Scratch the Surface - Page 36

Now all Creese had to do was tell the police exactly how Barnum had murdered his friend. Had it been a push, a throw?

The cuts, the bruises, the broken bones, and the burns were all obvious signs they’d been tortured. Creese was stitched back together now, and his body would heal. Fear took longer. Barnum was not a rapist, and both sets of parents had been thankful for that, but he was a sadist, and the pain he inflicted meant Creese also suffered from touch aversion. He’d hugged his dog before his parents, but one day that changed, and today, the circle now included his sister again.

“Jere?”

“Sorry, just thinkin’ about you.”

He nodded.

I cleared my throat. “You know, once you talk to the police and your statement goes on record, your folks and Kurt’s folks can read the transcript. They’ll know what happened even if you don’t tell them yourself.”

“No, I know but…reading it is different than hearing it, and I won’t have to see their faces or listen to Mr. Adams yell at me again.”

“You’re right”—I nodded—“I agree.”

He exhaled sharply. “That’s what I thought.”

“Well, good, then. Detective Turner seems nice.”

“And…strong.”

I was with him on that. Detective Faith Turner carried herself in a way that made me never want to cross her. She made direct eye contact, had an air of confidence about her, and most importantly, with kids she always sat down, like she had all the time in the world for them, never perching, never standing; she folded her hands and waited. It went a long way toward letting them know she truly cared.

She was new to the case, and the press had made a big deal of her being the only Black detective on the Barrett Crossing police force, having taken over from Detective Isaac Patterson, who could not handle the pressure of hunting for a serial-killing child abductor who had gained national media attention. She had been the one, along with the FBI, to figure out it was Barnum, tied him to the kidnappings and murders in 2019, and to put the cuffs on the man. She was the one who had held Creese’s hand until the EMTs arrived, and she was the one who rode with him to the hospital. She had been the first to tell him he couldn’t have done anything against a man with a knife and a gun. It wasn’t surprising that he would turn back to her now, and trust her with his memories of the horror. She’d seen it, after all, and carried the same images in her head.

“Jere?”

“Yeah?”

“Do you think you could sit in there with me when I talk to her?”

“If your folks say it’s okay, I absolutely will.”

He took a shaky breath. “Could you go ask now so I’ll know?”

“I would, but they’re probably sitting out on the benches by the office. If I go, that leaves you in here alone for a few minutes.” He might not want to talk, but being alone would send him into a panic that included cold sweats and hyperventilating. Only in his bedroom, which now had bars on the windows, where a lamp was always on, and where Riley slept every night, could he be by himself.

He’d asked for a deadbolt on the door too, at one point, that he could lock from the inside, but his parents were afraid he’d hurt himself—or worse—even though they never voiced that fear to him.
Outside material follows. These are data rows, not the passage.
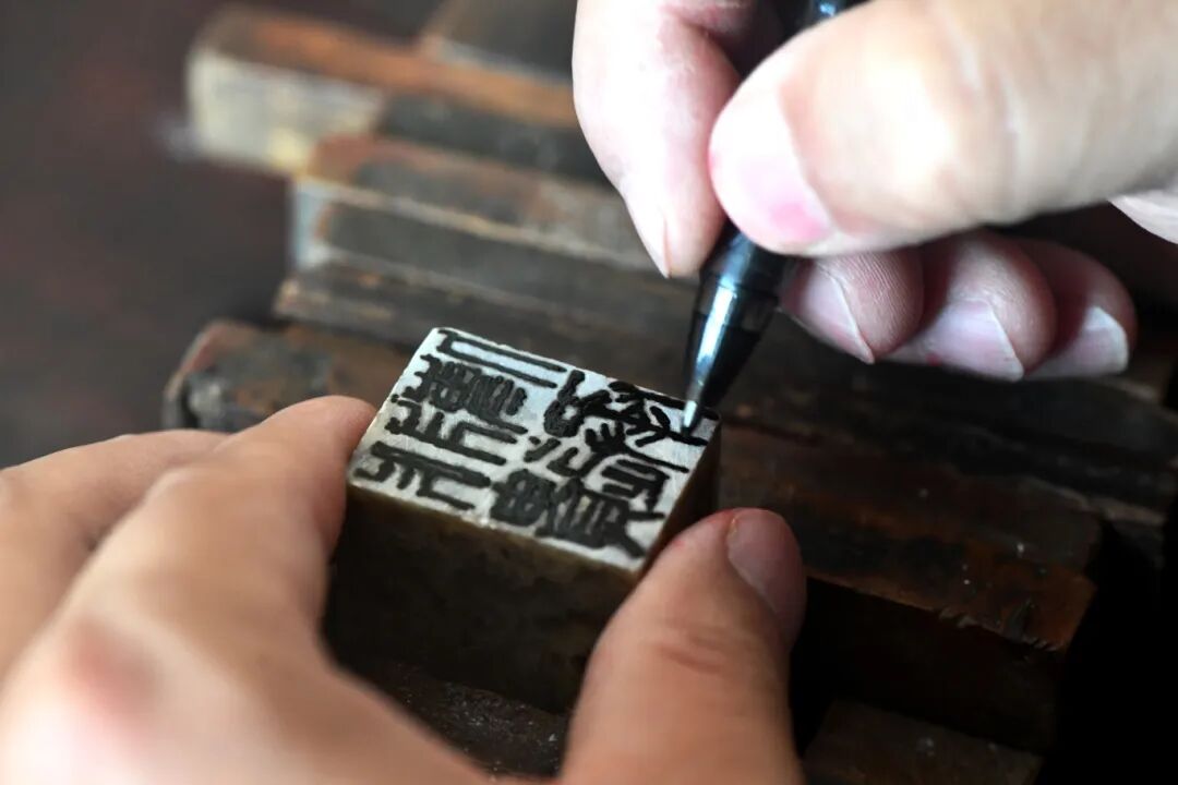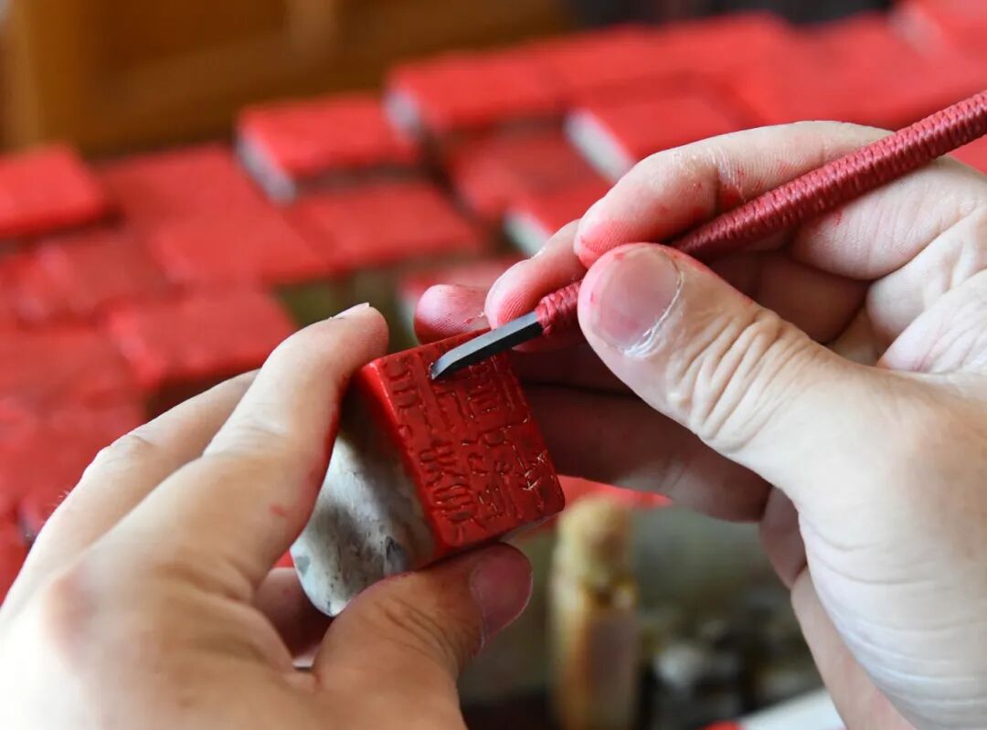 青田石在细磨下泛起温润柔光,石材的清冽混着印泥的醇香萦绕鼻尖,沁人心脾……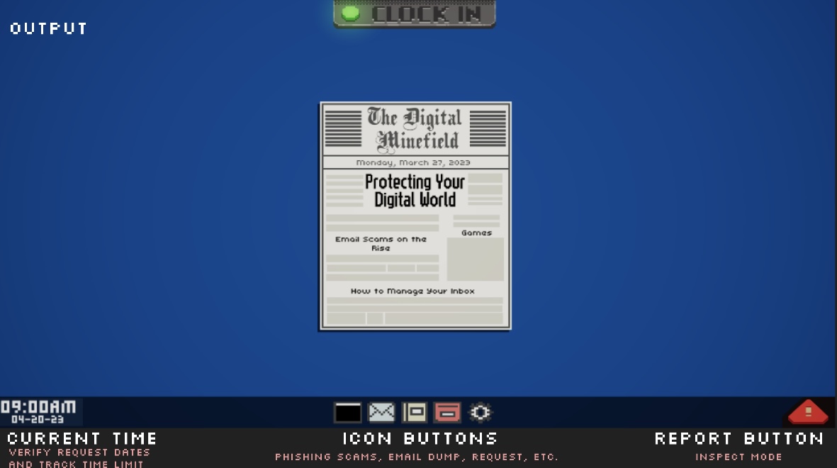 A game focused on cybersecurity fundamentals with fun and engaging gameplay experience. My goal is to help players of all ages and backgrounds learn the importance of cybersecurity. Through challenges and interactive scenarios, users will gain a practical understanding of concepts such as password security, phishing, and data encryption.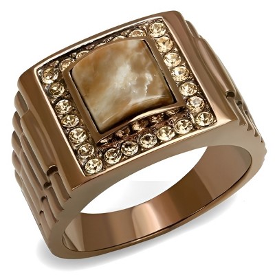 Slickblue Coffee Light Stainless Steel Ring, Brown Rain Flower Stone, Men’s Ring, Square Style, Sizes 8-13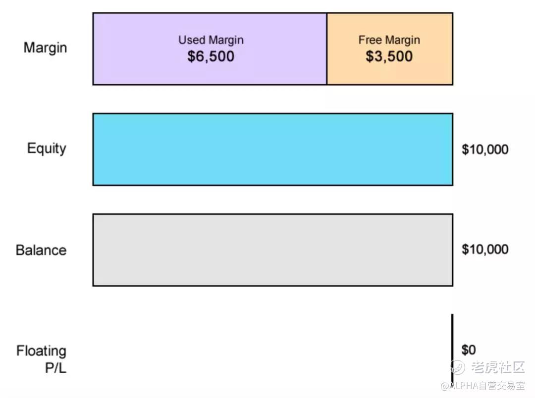 可用保证金 = 净值 - 已用保证金$3,500 = $10,000 - $6,500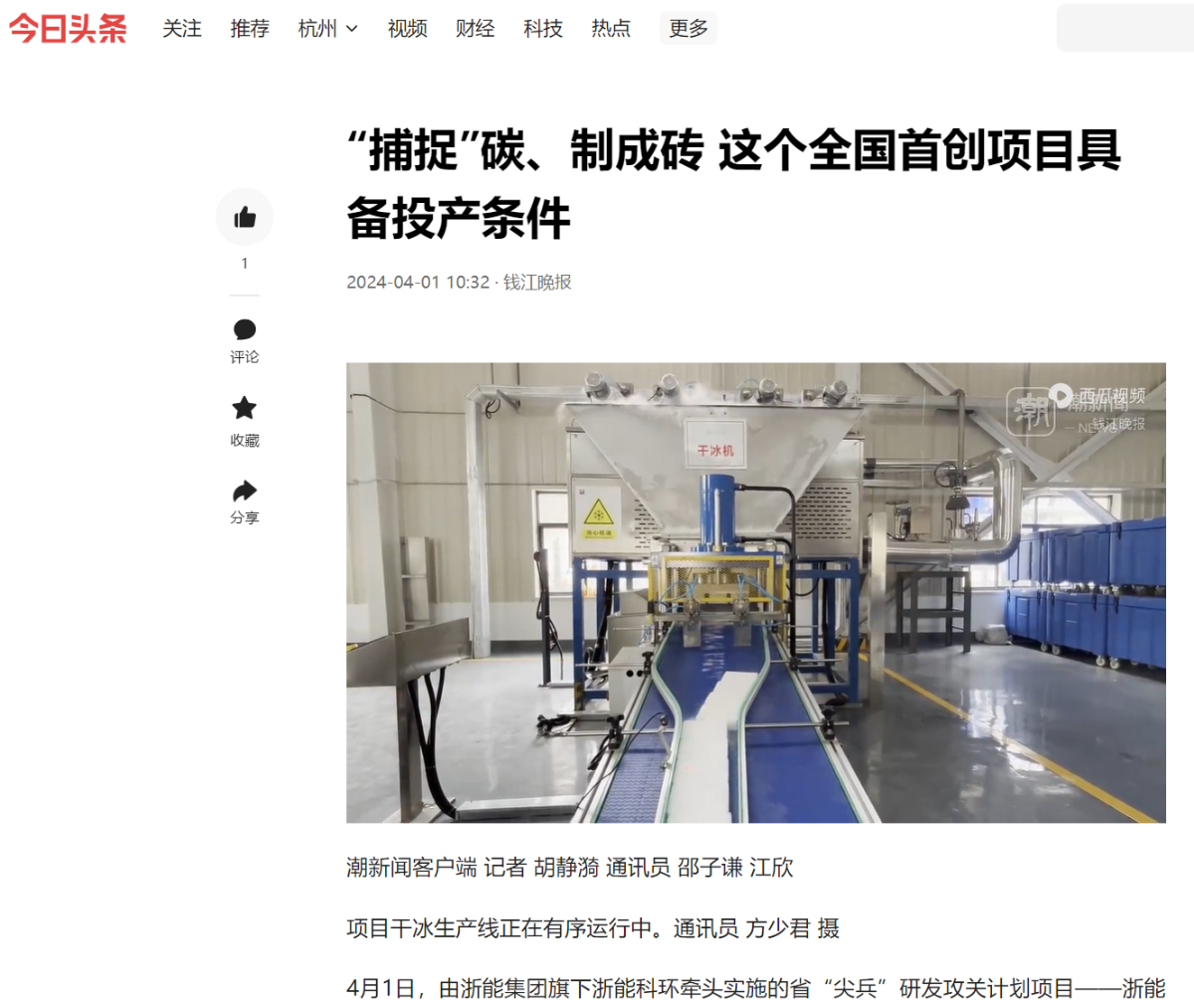 4月1日,今日頭條轉(zhuǎn)載報(bào)道《“捕捉”碳、制成磚 這個全國首創(chuàng)項(xiàng)目具備投產(chǎn)條件》。 今日頭條 圖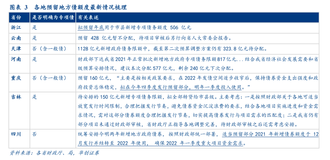 “会预留”指我们预计部分新增专项债额度会预留四季度、尤其是12月发行,预留资金大部分将结转至2022年年初形成投资额,以响应7月政治局会议“推动今年底明年初形成实物工作量”的号召:一是8月9日,21世纪经济报道提及“按照监管要求,地方将预留部分专项债额度在今年12月发行,这部分资金需在明年年初支出形成实物工作量”;二是多省已明确预留地方债额度年底发(绝大部分为专项债),明年一季度投入使用,包括浙江(506亿元)、云南(428亿元)、天津(324亿元,含一般债)、河南(240亿元)、重庆(160亿元,含一般债)、吉林(150亿元)、四川(未明确具体额度,但明确适当预留部分新增额度12月发行并结转至2022年使用)等,预留比重平均23%。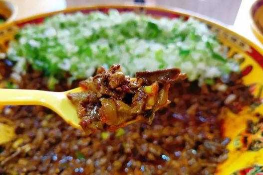 选用盐池滩羊的羊肝制作浇头。煮羊肝的同时,可以另起锅放油炸辣子并捞出红辣椒;等羊肝熟了,切成豌豆大小的块,然后倒进炸好的辣子油里,将羊肝炸到酥香,最后再把捞出的红辣椒重新倒进去跟羊肝一起炸。这样做出来的羊肝不腥不膻也不会腻。

That was, in fact, how he ended up with Riley.

“How about getting him a therapy dog?” I’d suggested. “Like, a big dog that would make him feel safe and, you know, is geared to his needs. Someone to talk to and be his buddy.”
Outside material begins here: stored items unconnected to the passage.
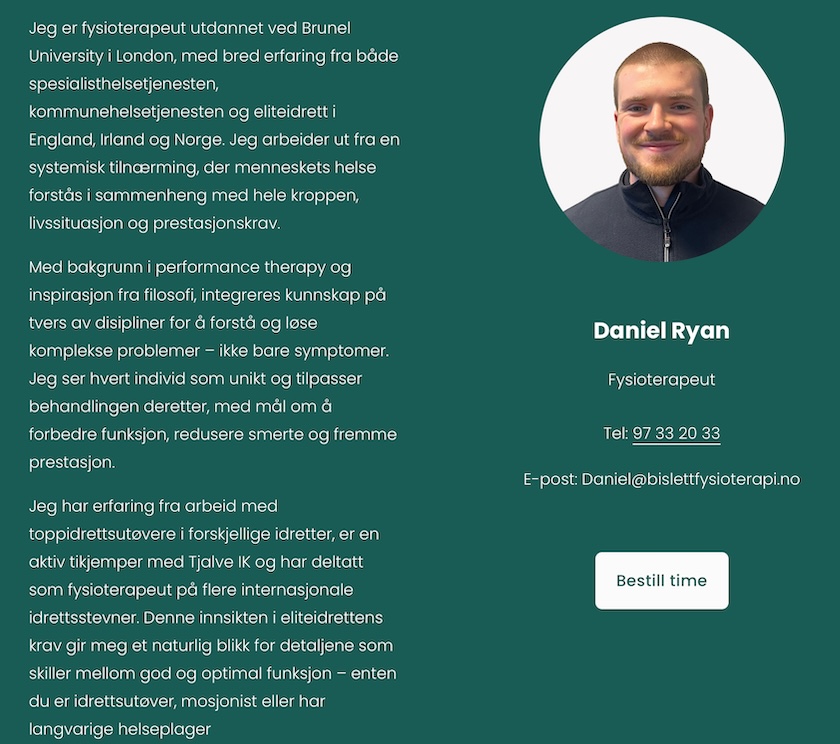 Deltakere får 20% rabatt på førstegangskonsultasjon hos han på Bislett Fysioterapi.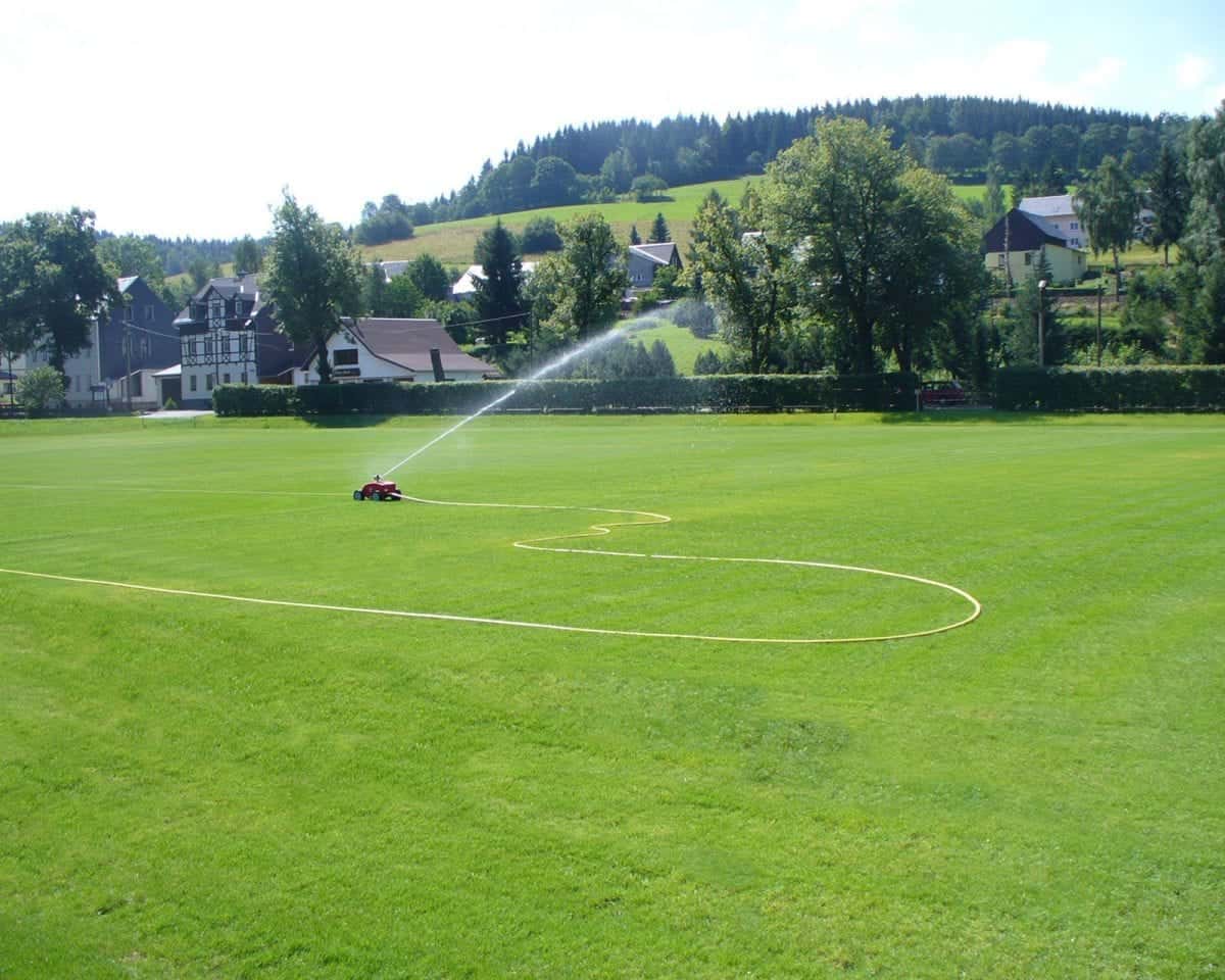 The Perrot RollcarT is a travelling sprinkler that is ideal for watering large turf areas. Capable of achieving a throw of up to 18 m in radius, the RollcarT can be used in larger turf areas, parks and sports grounds. The RollcarT starts travelling as soon as the water supply is turned on. The RollcarT is drawn toward a guide rope and turns off automatically at the end of its run.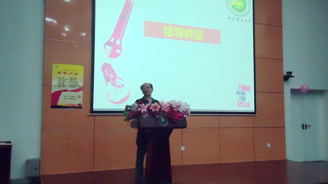 最后,外国语学院党委书记陈大明教授讲话。他代表学院领导对所有受表彰的同学和集体表示祝贺,勉励没有获奖的同学不要气馁。成绩只是代表过去,未来的路还很长,只要我们不停止前进的脚步,最终我们肯定能到达胜利的终点。

When they had brought it up to him, he’d agreed, but only as long as the dog they got was big and strong and basically invincible. It was a tall order. He liked golden retrievers and beagles, and he loved pit bulls, but he didn’t want anything, any dog, that he could imagine getting hurt, and every pit bull he’d ever come across, like his grandmother’s three, were sweet and trusting. He couldn’t lose anything else.

“You know,” I told him as we walked together around the woods near his house, “any dog you have could conceivably be hurt.”

“I know, but there are certain dogs people don’t even try to mess with in the first place.”

“That’s valid.”

When he turned, I’d gotten a rare smile.

His parents found two Dobermans, brother and sister, Riley and Rhett, each trained as service dogs, and adopted them both. Riley, the female, took to Creese immediately, and sleeping on one side of his bed every night suited her just fine. His parents had both been overwhelmed when they’d checked on him that first night and found him sleeping peacefully rather than passed out from sheer exhaustion. He’d always refused to be medicated, he could never be vulnerable again, but now, with Riley there, he didn’t need to be hypervigilant. He could wear his AirPods again and drown out the noise around him, because his dog was there. He’d seen her go from lying on the floor, splayed out, looking dead to the world, to rolling to her feet, head down, teeth bared, snarling like a hellhound, in seconds. It was extremely comforting for a seventeen-year-old boy who’d been abducted and assaulted.